Business results related to minor league teams in which MLB franchises have an ownership interest were not included (e.g., Springfield Cardinals or Gwinnett Braves). Most minor league teams are owned independently from the major league teams with which they are affiliated; many have de minimis value.
• Chicago White Sox: The White Sox and NBA's Chicago Bulls share common ownership, which, in turn, owns 50% of NBC Sports Chicago—a regional sports network that airs many of those teams' games. For purposes of this valuation, that 50% allotment was ascribed a 30:20 attribution in the White Sox' favor, given that there is more inventory dedicated to baseball games over the course of a broadcast year. This is consistent with the methodology used in Sportico's NBA valuations published in January 2021.
• Colorado Rockies: The first phase of the Rockies' mixed-use commercial/residential real estate project adjacent to Coors Field is near completion. Consistent with Sportico's valuation methodology for National Football League and National Basketball Association franchises, during the construction phase, planned and in-progress improvements made to land were not tabulated. As a result, the completion of each phase of this project will positively affect future valuations of the Rockies.
• Los Angeles Angels of Anaheim: The Angels' Related Business category includes, in addition to its RSN stake, owner Arte Moreno's 2020 purchase of Angel Stadium of Anaheim.
• Los Angeles Dodgers: The Dodgers' Related Business category includes valuation assessments related to its ownership of Spectrum SportsNet LA (through wholly owned subsidiary American Media Productions LLC); investments held by its venture capital entity, Elysian Park Ventures; and property encompassing and adjacent to Dodger Stadium.
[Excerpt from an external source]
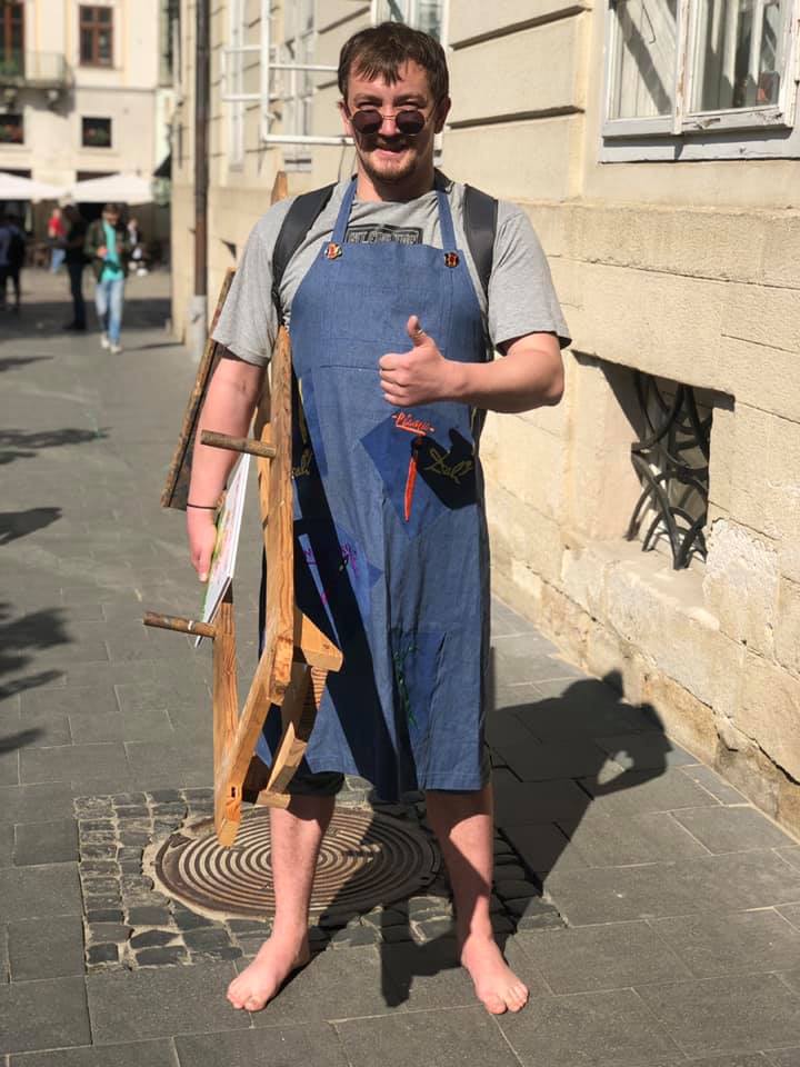 Учасник Іван Спринський називає акцію мистецькою. Сам чоловік уявив себе митцем, так і одягнувся.

This includes the proportional value of the acreage held though a 50/50 joint venture with the team's previous owner, Frank McCourt.
• New York Mets: Upon the team's sale in November 2020, the stake controlled by the previous principal owner, the Wilpon family, was reduced to 5%. The Wilpon family also controls 65% of SNY, a regional sports network that telecasts Mets games, as well as land near its ballpark, CitiField, through multiple closely held subsidiaries. Since it is no longer reasonable to assess the team, network and this property as being under the same corporate ownership, no proportional interest in SNY nor the Wilpons' land was included in the franchise valuation.
• New York Yankees: The Yankees' Related Business category includes, among other investments, valuation assessments of its current ownership interests in YES Network (26%) and Legends (20%), after the team's parent entity increased its stake in the former, a regional sports network, in 2019, and decreased its stake in the later, a hospitality and management company, in 2021.
• San Francisco Giants: A valuation assessment of the Giants' participation in commercial real estate developments adjacent to its ballpark is included in the franchise's Team Value category; the team is a non-land-owning partner in the project.
• Texas Rangers and St. Louis Cardinals: The present, proportional value of the Rangers' real estate joint venture in partnership with the Cordish Companies and Lowes Hotels, and the Cardinals' joint venture with the Cordish Companies, have been included as related businesses. As with the Colorado Rockies and San Francisco Giants (above), further development of these projects will positively affect the future valuations of these franchises.
• Toronto Blue Jays: The Blue Jays' Related Business category includes an assessment of the dollar-value amount directly attributable to the team of sports-specific broadcast outlets (TV and radio) owned by its parent company, Rogers Communications. The franchise's Related Business category also includes the assessed value of its venue, Rogers Centre, excluding its footprint, which is government-owned.